Körner führte den Schweden zu einem Waggon, vor dessen Tür ein Treppchen den
Spalt zwischen Zug und Bahnsteig überbrückte.
»Bitteschön, Herr
Dahlerus, treten Sie ein.« Der Schwede stieg die Stufen hoch und stand vor
einer Schiebetür.
»Gehen Sie ruhig hindurch«, forderte ihn Körner auf.
Dahlerus öffnete die Tür. In dem vom üblichen Mobiliar entkernten und mit
bequemen Sesseln, Sofatischen und Kommoden üppig dekorierten Waggon drehten
sich zwei von drei im Raum anwesenden Männern nach ihm um. Erich Görnert, Chef
des Vierjahresplan-Amtes, und General Karl-Heinrich Bodenschatz, der auf
Görings Wunsch beim Treffen im Sönke-Nissen-Koog dabei sein sollte. Der dritte
Mann brauchte sich nicht umzudrehen, weil er dem Neuankömmling schon zugewandt
saß. Es war Hermann Göring.
Schwungvoll erhob sich Hitlers langjähriger Weggefährte aus einem reich
verzierten Sessel, dessen beachtlicher Umfang darauf schließen ließ, dass er
alleine dem Chef dieses Zuges vorbehalten war. Der Raum war auf den Geschmack
des Deutschen zugeschnitten, wirkte mit seinem hochflorigen Teppich, der die
Geräusche dämpfte, und seinen klobigen Möbeln schwer und überladen, fast
barock. Dahlerus fühlte sich, wie meistens, wenn er auf Göring traf, in eine
andere Zeit katapultiert.
Mit seiner Garderobe hatte Göring sich an diesem Tag
zurückgehalten. Statt wie bei repräsentativen Auftritten uniformiert und
ordengeschmückt war er für seine Verhältnisse mit einem hellbeigen Anzug
geradezu unauffällig gekleidet. Er breitete die Arme aus, kam auf Dahlerus zu
und fasste ihn an beiden Schultern.
»Mein lieber
Dahlerus, schön, dass Sie da sind. Da haben wir es doch noch geschafft, wir
beide. Vielleicht schreiben wir heute Geschichte. Das wäre dann eindeutig Ihr
Verdienst.«
»Ich freue mich
auch, Sie zu sehen, Herr Reichsfeldmarschall. Hatten Sie eine gute Reise?«
»Danke der Nachfrage. Aber wenn ich von einem so ehrenwerten Mann
empfangen werde, ist der Weg dorthin zweitrangig. Was zählt, ist das Ziel.
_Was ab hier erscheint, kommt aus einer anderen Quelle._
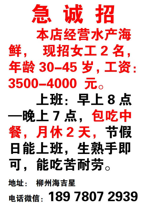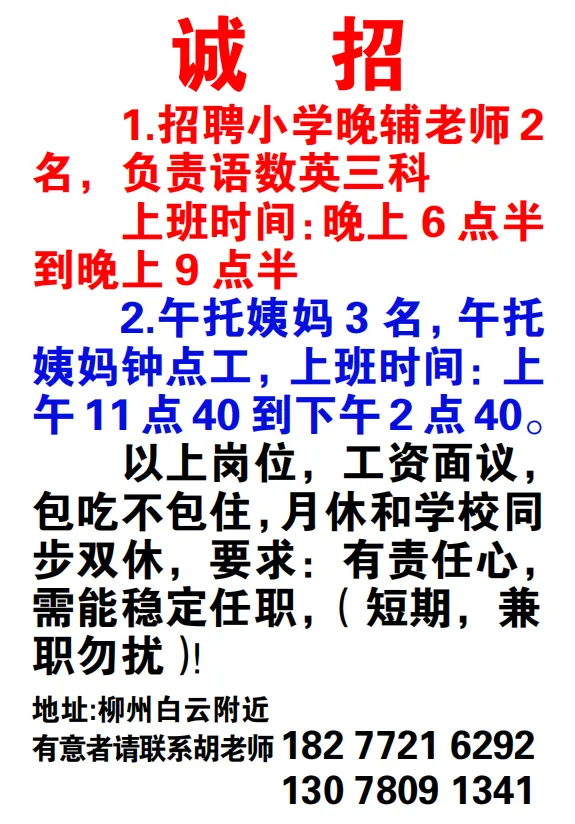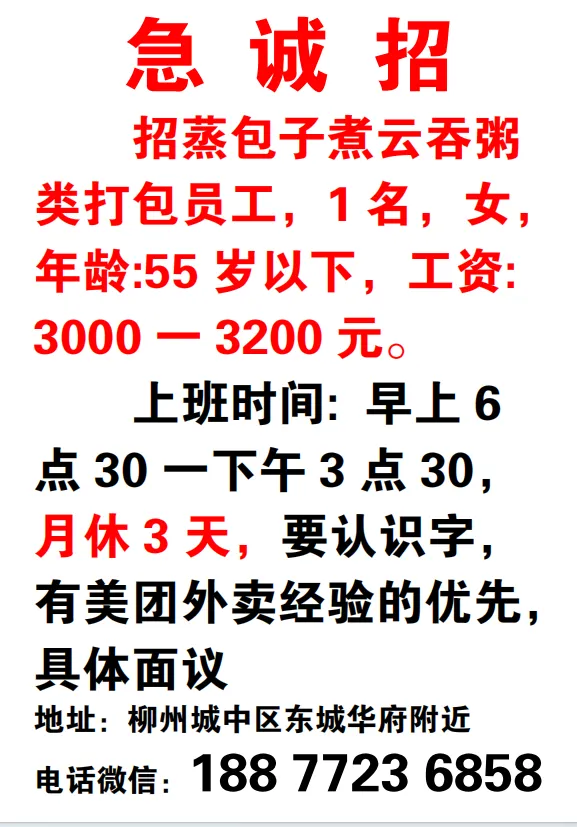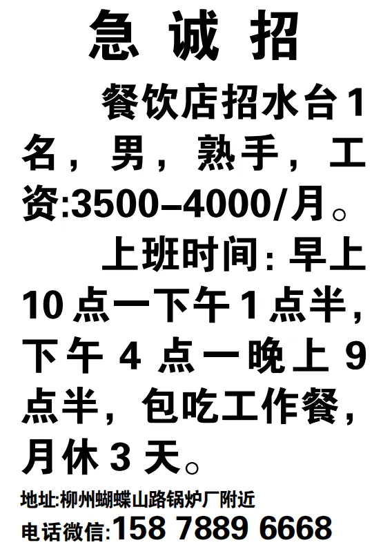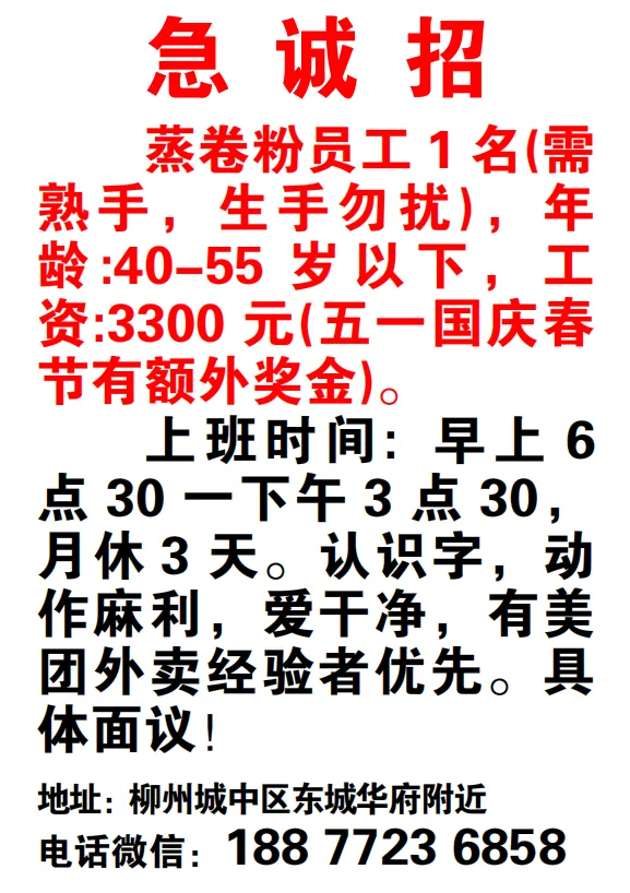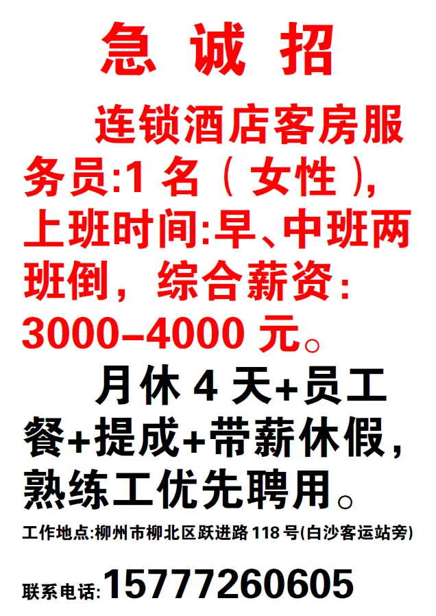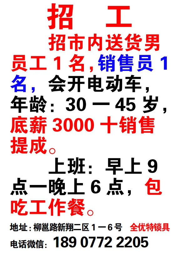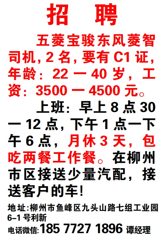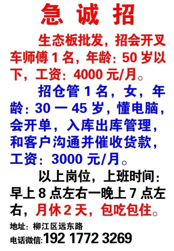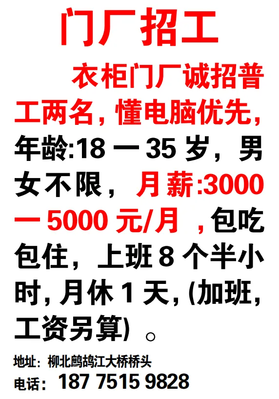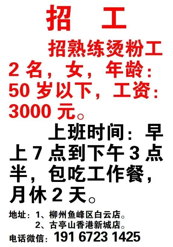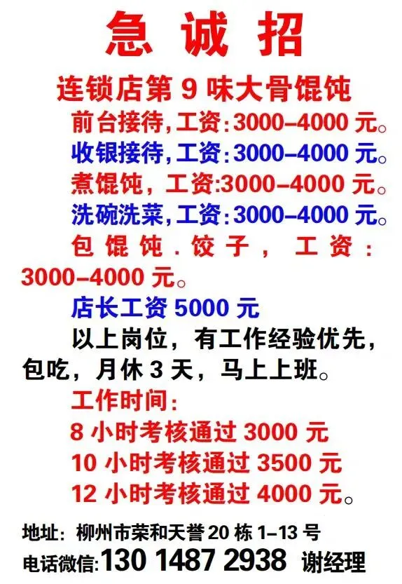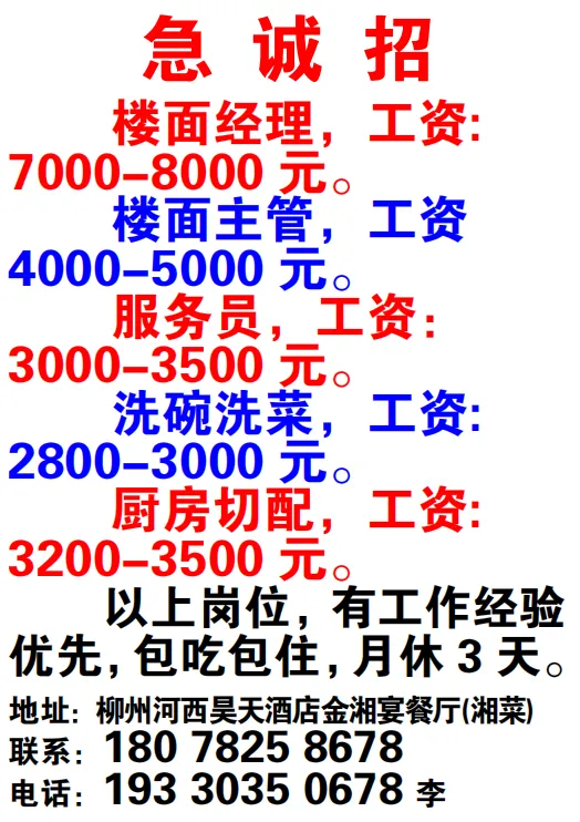 招保安20名,男53岁以下,工资:3800元,月休3天,上班12小时,固定白班、夜班,地址:静兰路、古亭山小区、柳南区基隆小区保安,电话微信:19217723269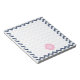 Um bloco de anotações com um design icat chevron azul. Personalize com seu monograma sobre design de folha de papel cor-de-rosa.

Und
da haben wir uns heute eine Menge vorgenommen, nicht wahr?«
»In der Tat. Aber ob das für die Geschichtsbücher reicht, darüber müssen
andere befinden. Wir sollten unsere Kraft darauf konzentrieren, im Hier und
Jetzt etwas zu erreichen. Um in der Sprache der Eisenbahner zu bleiben: Lassen
Sie uns die entscheidenden Weichen stellen. Meine englischen Gäste sind auf
jeden Fall schon sehr gespannt, was Sie über die deutsche Position zu berichten
haben.«
Göring hatte die
Hände wieder heruntergenommen und lächelte sein Gegenüber an. Seine
Augenbrauen schössen hoch. »Sie fallen ja direkt mit der Tür ins Haus, mein
lieber Dahlerus. Können es mal wieder gar nicht abwarten. Aber so sind die
Schweden, nicht wahr? Halten mit nichts hinterm Berg. Das liebe ich so an
ihnen.« Göring schaute auf einmal etwas betrübt drein. »Karin war genauso. Aber
wem sage ich das, Dahlerus, das wissen Sie besser als ich.«
Der Schwede war
irritiert. Wie sollte er das wissen, fragte er sich, wenn er Görings erster
Frau, Karin von Fock, niemals begegnet war? Vielleicht dachte der
Reichsmarschall, dass sich die Schweden alle persönlich kannten.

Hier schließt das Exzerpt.